»»

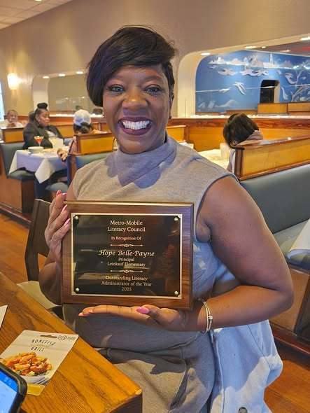 During its fall meeting, the Metro Mobile Literacy Council honored three MCPSS educators for their exceptional contributions to literacy: Hope Belle-Payne, Principal of Leinkauf Elementary School (left), 2025 Outstanding Literacy Administrator Rebecca Howard of Dixon Elementary School (center), 2025 Outstanding Literacy Teacher Lisa Davis of Nan Gray Davis Elementary School (right), 2025 Outstanding Literacy Coach Congratulations to these fantastic educators!
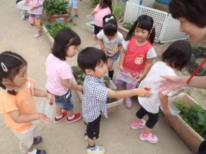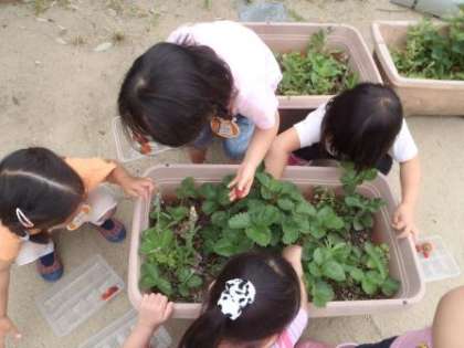 園庭にイチゴがたくさんできていました。
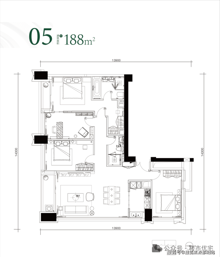 113-153-188-220-222平米,总高127米
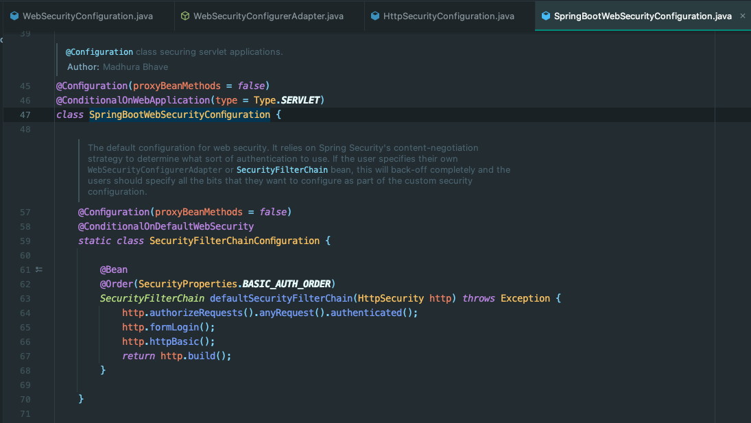 별도의 시큐리티 설정을 하지않아도 http://localhost:8080 접속 시 시큐리티가 동작 하는 이유는 SpringBootWebSecurityConfiguration를 통해서 기본 설정이 되어있기 때문이다
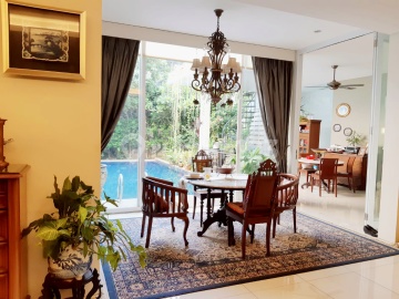 Rumah dijual di Kemang Timur LT 449m2. LB 500m. Master di lantai dasar samping swimming pool. Lantai atas 5 kamar masing2 ada shower, water heater & AC. Ruang keluarga luas, dapur bersih luas. 2 kamar pembantu dan kamar mandi. Semua kamar tidur ada AC. Parkir 3 mobil. Ada pos satpam. Harga 10.5m nego
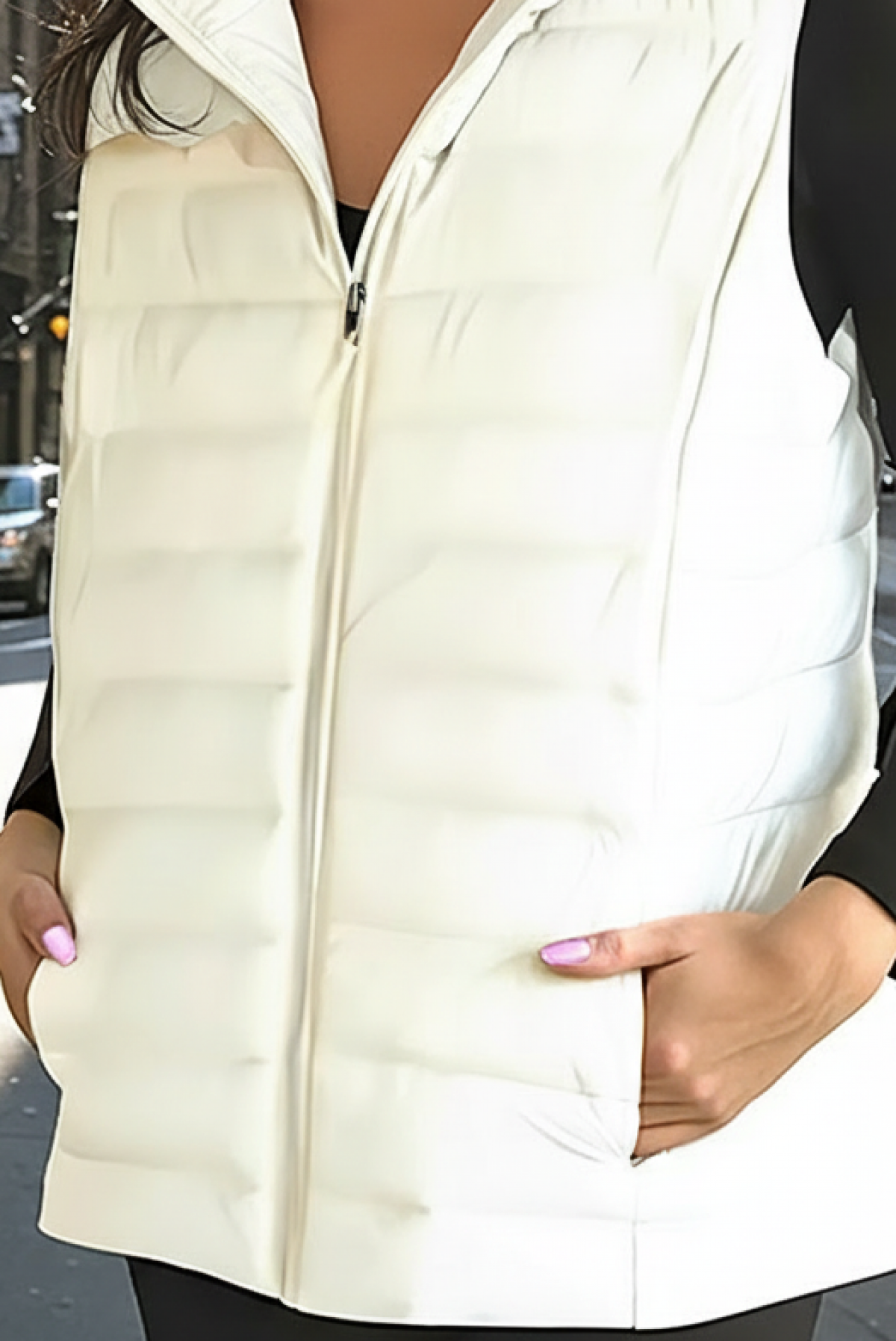 - Model, którego nie może zabraknąć w Twojej garderobie –nowoczesna kamizelka w jednolitym kolorze.
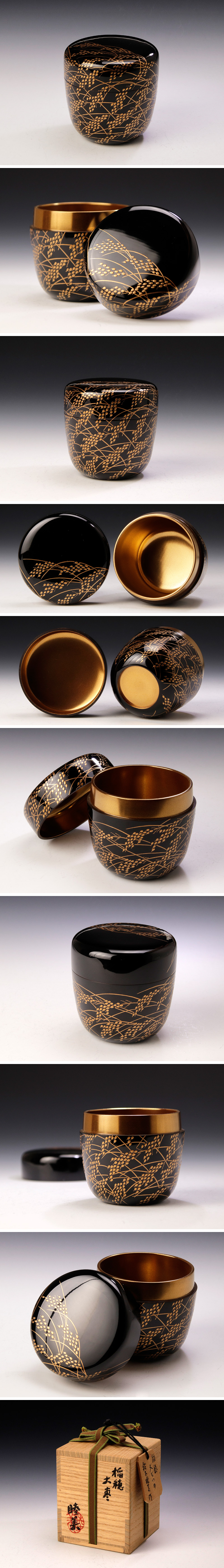 艶やかな黒塗りの艶面に、たわわに実った稲穂が蒔絵で描かれたこの棗は、豊穣を象徴する意匠の華やかさと、細密な筆致が生む上品な輝きが調和した、席を格上げする存在感ある逸品です。 ★商品は鈴木睦美の作品である事を保証致します。 |
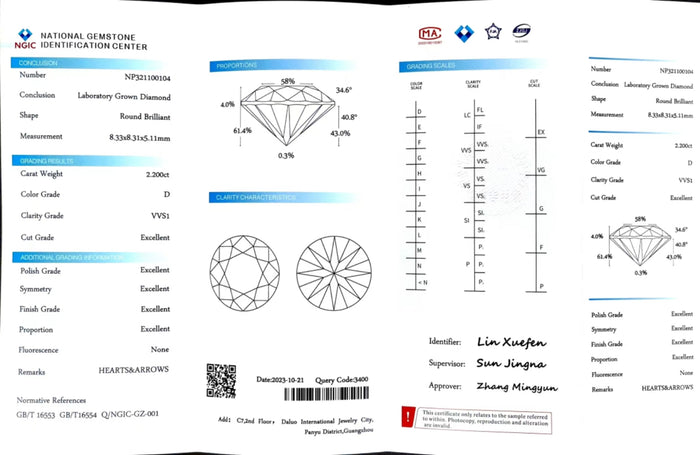 NGIC Certificate #: NP321100104(We will ship the lab-grown diamond to you along with the NGIC certificate. You can scan the barcode on the report to access the third party certificate.)
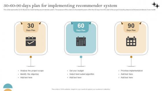 This slide represents 30-60-90 plan for implementing recommender system. The purpose of this slide is to illustrate the plans of the first 90 days from the start of the project including steps to be followed at interval of one month. Do you have to make sure that everyone on your team knows about any specific topic I yes, then you should give Recommendation Techniques 30 60 90 Days Plan For Implementing Recommender System Introduction PDF a try. Our experts have put a lot of knowledge and effort into creating this impeccable Recommendation Techniques 30 60 90 Days Plan For Implementing Recommender System Introduction PDF. You can use this template for your upcoming presentations, as the slides are perfect to represent even the tiniest detail. You can download these templates from the Slidegeeks website and these are easy to edit. So grab these today This slide represents 30-60-90 plan for implementing recommender system. The purpose of this slide is to illustrate the plans of the first 90 days from the start of the project including steps to be followed at interval of one month.
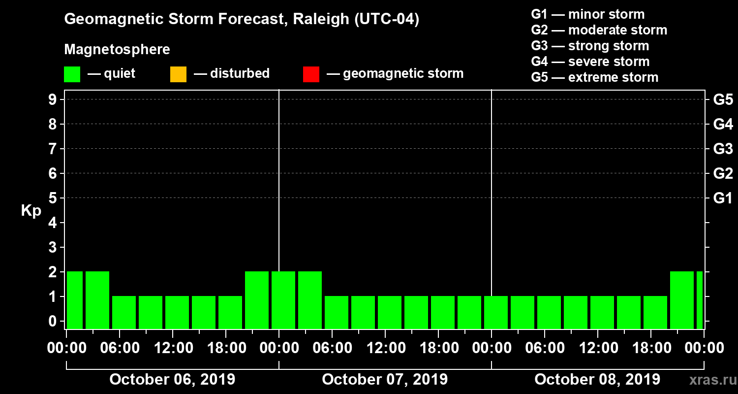 Geomagnetic storm forecast in Raleigh for Oct 06, 2019
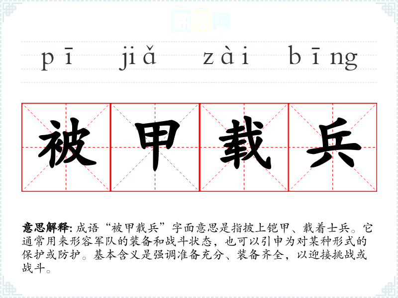 成语“被甲载兵”字面意思是指披上铠甲、载着士兵。它通常用来形容军队的装备和战斗状态,也可以引申为对某种形式的保护或防护。基本含义是强调准备充分、装备齐全,以迎接挑战或战斗。
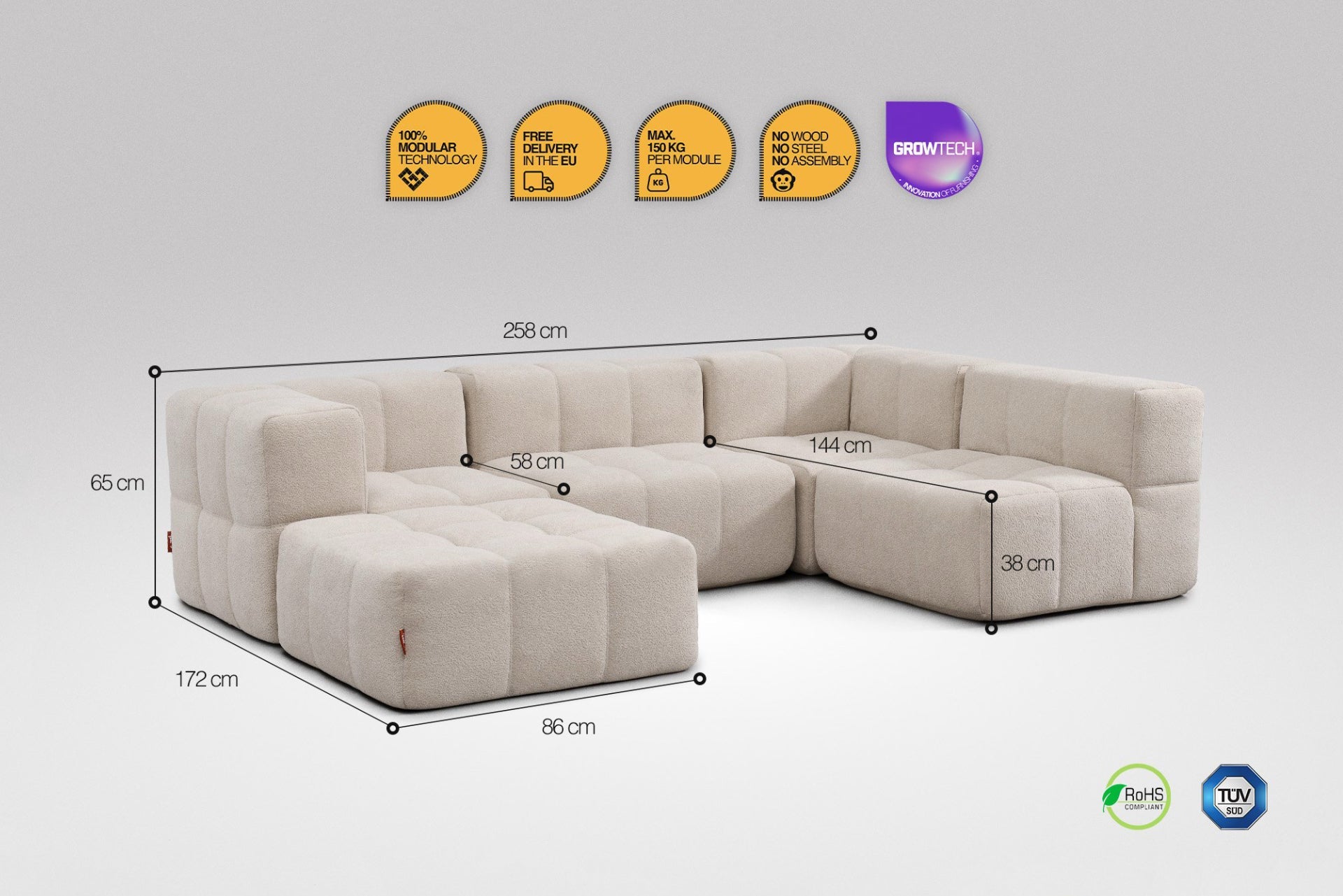 A modulok egyszerűen összekapcsolhatók, így stabilan tartanak egymás mellett – nincs szétcsúszás, csak masszív kényelem. Csúszásgátló felületük és ideális súlyuk gondoskodik róla, hogy a kanapé a helyén maradjon, mégis könnyedén átrendezhesd, ha új hangulatra vágysz.
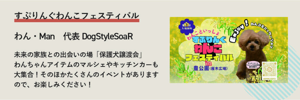 ●当イベントでは、ワンちゃん1匹につき飼い主様お1人以上でのご参加をお願いいたします。
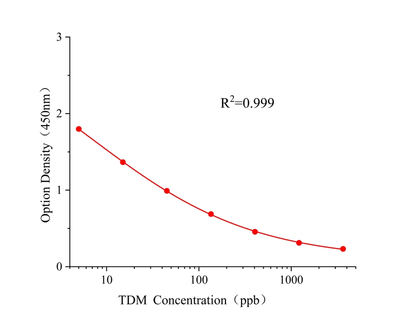 本试剂盒采用间接竞争ELISA方法,在酶标板微孔条上预包被偶联抗原,样本中三唑酮和微孔条上预包被的偶联抗原竞争三唑酮抗体,加入酶标二抗后,形成包被抗原-抗体-酶标二抗复合物。随后结合的酶催化TMB底物显色,样本吸光值与其含有的三唑酮成负相关。通过标准曲线可准确定量样品中三唑酮的含量。通过标准曲线计算所得值乘以样品处理的稀释倍数即为实际样品中三唑酮的含量。

««

About this task — Reproduce each entry exactly, without the pictures.

Exercise result —
 During its fall meeting, the Metro Mobile Literacy Council honored three MCPSS educators for their exceptional contributions to literacy: Hope Belle-Payne, Principal of Leinkauf Elementary School (left), 2025 Outstanding Literacy Administrator Rebecca Howard of Dixon Elementary School (center), 2025 Outstanding Literacy Teacher Lisa Davis of Nan Gray Davis Elementary School (right), 2025 Outstanding Literacy Coach Congratulations to these fantastic educators!
 園庭にイチゴがたくさんできていました。
 113-153-188-220-222平米,总高127米
 별도의 시큐리티 설정을 하지않아도 http://localhost:8080 접속 시 시큐리티가 동작 하는 이유는 SpringBootWebSecurityConfiguration를 통해서 기본 설정이 되어있기 때문이다
 Rumah dijual di Kemang Timur LT 449m2. LB 500m. Master di lantai dasar samping swimming pool. Lantai atas 5 kamar masing2 ada shower, water heater & AC. Ruang keluarga luas, dapur bersih luas. 2 kamar pembantu dan kamar mandi. Semua kamar tidur ada AC. Parkir 3 mobil. Ada pos satpam. Harga 10.5m nego
 - Model, którego nie może zabraknąć w Twojej garderobie –nowoczesna kamizelka w jednolitym kolorze.
 艶やかな黒塗りの艶面に、たわわに実った稲穂が蒔絵で描かれたこの棗は、豊穣を象徴する意匠の華やかさと、細密な筆致が生む上品な輝きが調和した、席を格上げする存在感ある逸品です。 ★商品は鈴木睦美の作品である事を保証致します。 |
 NGIC Certificate #: NP321100104(We will ship the lab-grown diamond to you along with the NGIC certificate. You can scan the barcode on the report to access the third party certificate.)
 This slide represents 30-60-90 plan for implementing recommender system. The purpose of this slide is to illustrate the plans of the first 90 days from the start of the project including steps to be followed at interval of one month. Do you have to make sure that everyone on your team knows about any specific topic I yes, then you should give Recommendation Techniques 30 60 90 Days Plan For Implementing Recommender System Introduction PDF a try. Our experts have put a lot of knowledge and effort into creating this impeccable Recommendation Techniques 30 60 90 Days Plan For Implementing Recommender System Introduction PDF. You can use this template for your upcoming presentations, as the slides are perfect to represent even the tiniest detail. You can download these templates from the Slidegeeks website and these are easy to edit. So grab these today This slide represents 30-60-90 plan for implementing recommender system. The purpose of this slide is to illustrate the plans of the first 90 days from the start of the project including steps to be followed at interval of one month.
 Geomagnetic storm forecast in Raleigh for Oct 06, 2019
 成语“被甲载兵”字面意思是指披上铠甲、载着士兵。它通常用来形容军队的装备和战斗状态,也可以引申为对某种形式的保护或防护。基本含义是强调准备充分、装备齐全,以迎接挑战或战斗。
 A modulok egyszerűen összekapcsolhatók, így stabilan tartanak egymás mellett – nincs szétcsúszás, csak masszív kényelem. Csúszásgátló felületük és ideális súlyuk gondoskodik róla, hogy a kanapé a helyén maradjon, mégis könnyedén átrendezhesd, ha új hangulatra vágysz.
 ●当イベントでは、ワンちゃん1匹につき飼い主様お1人以上でのご参加をお願いいたします。
 本试剂盒采用间接竞争ELISA方法,在酶标板微孔条上预包被偶联抗原,样本中三唑酮和微孔条上预包被的偶联抗原竞争三唑酮抗体,加入酶标二抗后,形成包被抗原-抗体-酶标二抗复合物。随后结合的酶催化TMB底物显色,样本吸光值与其含有的三唑酮成负相关。通过标准曲线可准确定量样品中三唑酮的含量。通过标准曲线计算所得值乘以样品处理的稀释倍数即为实际样品中三唑酮的含量。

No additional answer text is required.